Task instructions: Word for word, restate the lines of the data below between those holding "3D ultra-realistic wide-angle" and "For brunch, they", inclusive; pictures do not belong in the copy.

── Data for this exercise ──

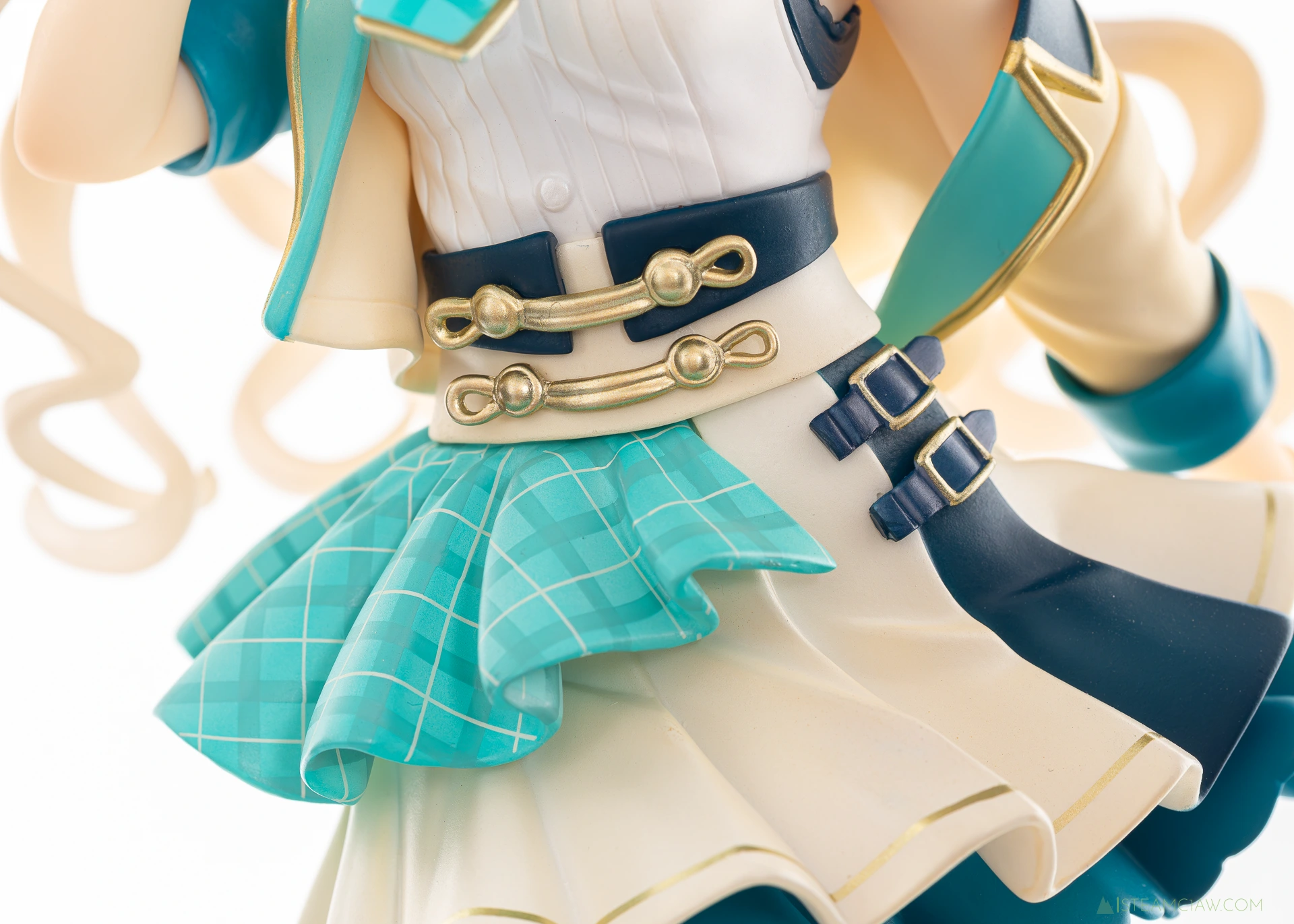 孔雀色のような青緑のアクセントカラーが特徴的。ネクタイと腰部の布はチェック柄になっているのですが、複雑な柄にもかかわらず綺麗な仕上げ。目立つパーツなので、ここの塗装がしっかりしているのは嬉しい。ゴールドの縁取りやバックルなど細かい装飾も含めて、塗装の目立つはみ出しやガタつきは見られませんが、細かいところはちょくちょく塗りムラなど見られます。この個体は一箇所、ジャケットのラペルにゴールド塗装が飛んでしまっていますね😕
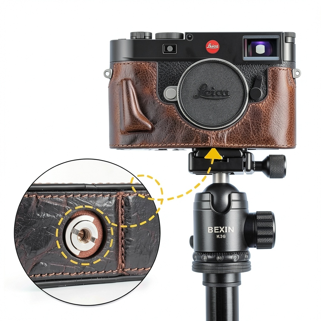 Le filetage 1/4″ intégré sur le dessous de l’étui permet de visser directement le trépied, offrant une stabilité optimale pour vos prises de vue.
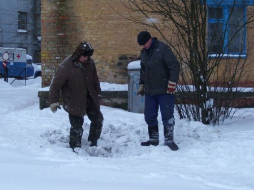 Попрощался и пошел дальше. Микрорайон тем временем продолжал наслаждаться небольшим морозцем, ярким зимним солнцем и танцующими свой особый зимний танец, снежинками. Обратил внимание на одетых в спецовки мужчин, пытавшихся ногами расчистить полуметровый снег над канализационным люком. Проезжавший мимо автомобиль с большими цифрами 03 на капоте на их героические усилия не отреагировал и поехал дальше.
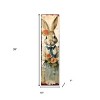 The 36-inch off white and blue solid wood bunny porch sign is a charming addition to your outdoor space. Crafted from durable solid wood, this porch sign exudes a rustic style that complements any garden or patio setting. Featuring a delightful bunny design, the vintage style of this girl bunny enhances any entryway, making it a delightful addition for the Easter season, but is neutral enough to be used all year long. Elevate your outdoor decor with this whimsical sign that embodies the spirit of springtime and celebration. It’s a perfect way to express your love for the season while adding warmth to your porch or garden area. 36.00-inch h x 10.00-inch w x 1.00-inch d.
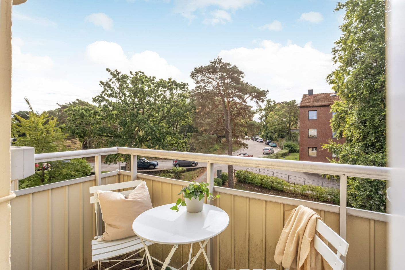 Högt belägen, genomgående och med ett fantastiskt ljusflöde – den här tvåan bjuder på ett boende utöver det vanliga. Från fönstren blickar du ut över grönskande tallar och öppna ytor. Grannhusen ligger på behagligt avstånd vilket ger ett privat och lugnt läge utan insyn.
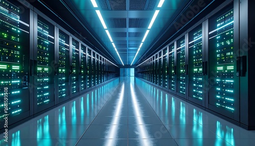 3D ultra-realistic wide-angle render of futuristic data center with glowing blue and green server racks, polished reflective floors, and advanced high-tech environment.
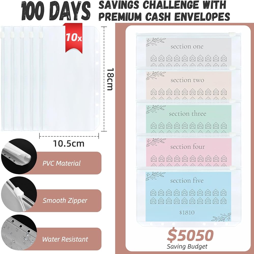 💰️【محتويات توصيل فعالة للغاية من حيث التكلفة】تتضمن العبوة 35 قطعة: مجلد A6 من جلد البولي يوريثان (قطعة واحدة)، أظرف بسحاب (10 قطع)، متتبع تحدي 100 ظرف (5,050 دولارًا × قطعتين)، تحدي واحد دولار (قطعتان)، تحدي 5 دولارات ( قطعتان)، تحدي 10 دولار (قطعتان)، تحدي 20 دولارًا (قطعتان)، تحدي 50 دولارًا (قطعتان)، تحدي 100 دولار (قطعتان)، قطعتان من بطاقات توفير المال الفارغة DIY.
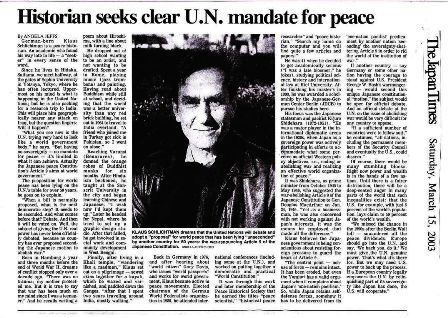 彼は現在、埼玉県の日高市に住んでいる。私たちは、ちょうとジャパンタイムズ社との中間地点にある、彼がかつて教鞭をとっていた上智大学の校門前で会うことにした。彼の最大の関心事は国際連合に何が起こっているかだったが、インドへ研究旅行に出かける準備中でもあった。これは彼をアメリカのイラク攻撃から近い場所に置くことになる。彼の当面の疑問は、そこで何が起こるのか?・・・ということであった。
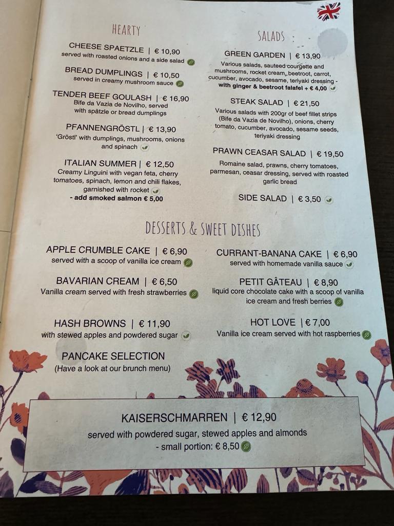 For brunch, they offer various choices, and a special brunchmenu for two (€39.90) (regular, vegan or vegetarian).
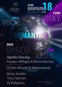 All night for you: DISCO / FUNKY / VOCAL / CLUB HOUSEDJs:■ Apollo DeeJay■ Feodor AllRight & Elena Mechta (AMDJS Radio Show)■ Dj Keo Minatti & Misterkawaii (vocal)■ Nicky Smiles■ Tony Slyman■ Kaligulus
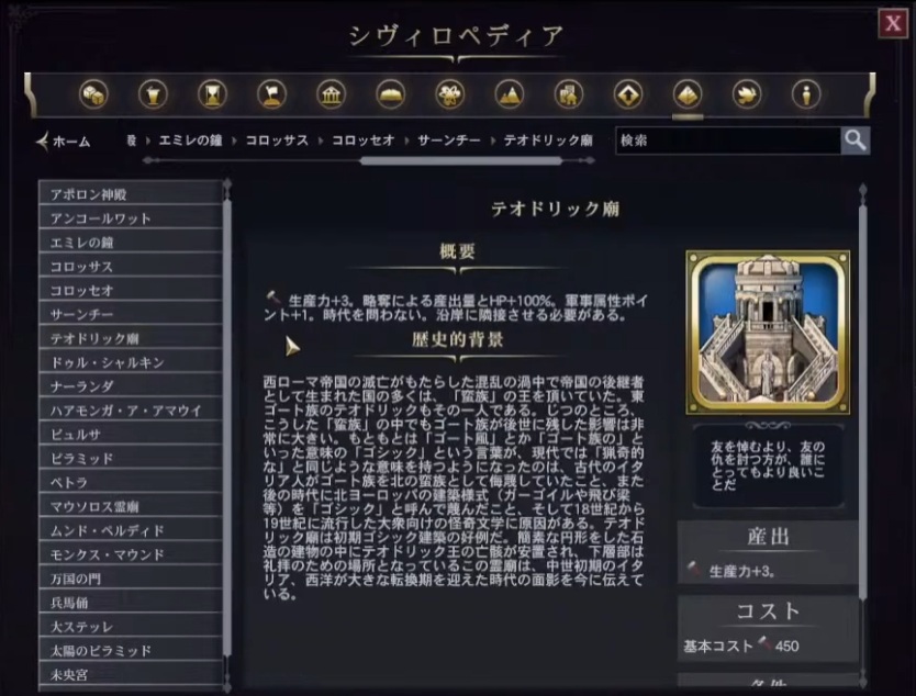 一方で解禁条件は識字とかなり奥の方にあり、古代で文化力が他国を圧倒している展開でないと自力建設は困難です。前述のアッシリアは刻筆の伝統があるものの、文化力のプラス要素が無いので識字にたどり着く頃には他国に建てられている公算が大。
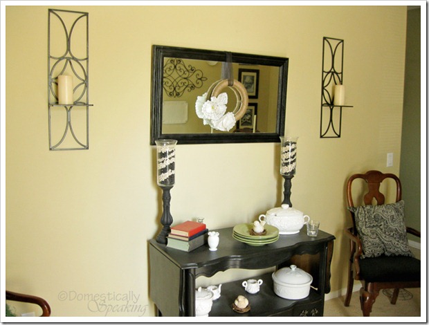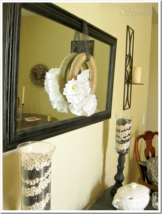 My frilly new wreath is hanging on my $5 garage sale mirror that use to be a gaudy gold.
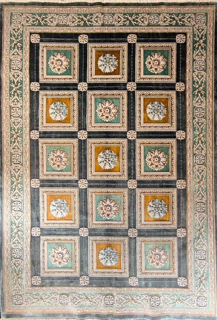 ربات بافت پشم 200*300 مستطيل قابي 30 رج پشم و بنبوسيلک طوسي طلايي فيروزه ايي طوسي 25 Kg
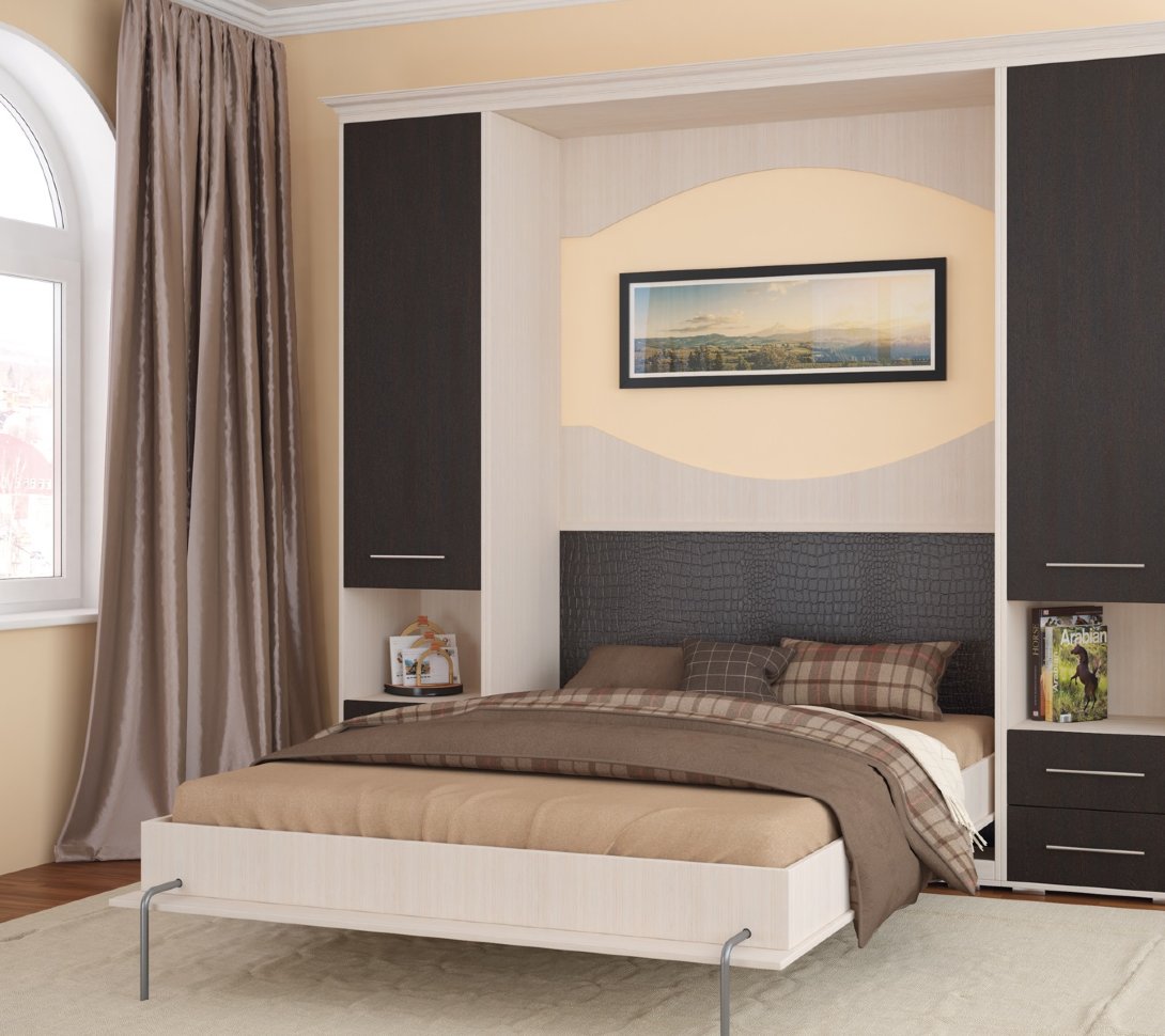Entwurf... Achten Sie unbedingt auf das Aussehen der Möbel. Es sollte sowohl dem Stil als auch der Farbe des umgebenden Schlafzimmerinterieurs entsprechen. Nur dann fügt sich die Garderobe leicht und harmonisch in die Umgebung ein, sie wird nicht aus ihr herausgeschlagen.
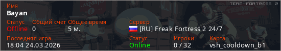 Играет на Team Fortress 2 сервере. Страна: РоссияПервый раз замечен 18:02 24.03.2026

───

Solution below:
 3D ultra-realistic wide-angle render of futuristic data center with glowing blue and green server racks, polished reflective floors, and advanced high-tech environment.
 💰️【محتويات توصيل فعالة للغاية من حيث التكلفة】تتضمن العبوة 35 قطعة: مجلد A6 من جلد البولي يوريثان (قطعة واحدة)، أظرف بسحاب (10 قطع)، متتبع تحدي 100 ظرف (5,050 دولارًا × قطعتين)، تحدي واحد دولار (قطعتان)، تحدي 5 دولارات ( قطعتان)، تحدي 10 دولار (قطعتان)، تحدي 20 دولارًا (قطعتان)، تحدي 50 دولارًا (قطعتان)، تحدي 100 دولار (قطعتان)، قطعتان من بطاقات توفير المال الفارغة DIY.
 彼は現在、埼玉県の日高市に住んでいる。私たちは、ちょうとジャパンタイムズ社との中間地点にある、彼がかつて教鞭をとっていた上智大学の校門前で会うことにした。彼の最大の関心事は国際連合に何が起こっているかだったが、インドへ研究旅行に出かける準備中でもあった。これは彼をアメリカのイラク攻撃から近い場所に置くことになる。彼の当面の疑問は、そこで何が起こるのか?・・・ということであった。
 For brunch, they offer various choices, and a special brunchmenu for two (€39.90) (regular, vegan or vegetarian).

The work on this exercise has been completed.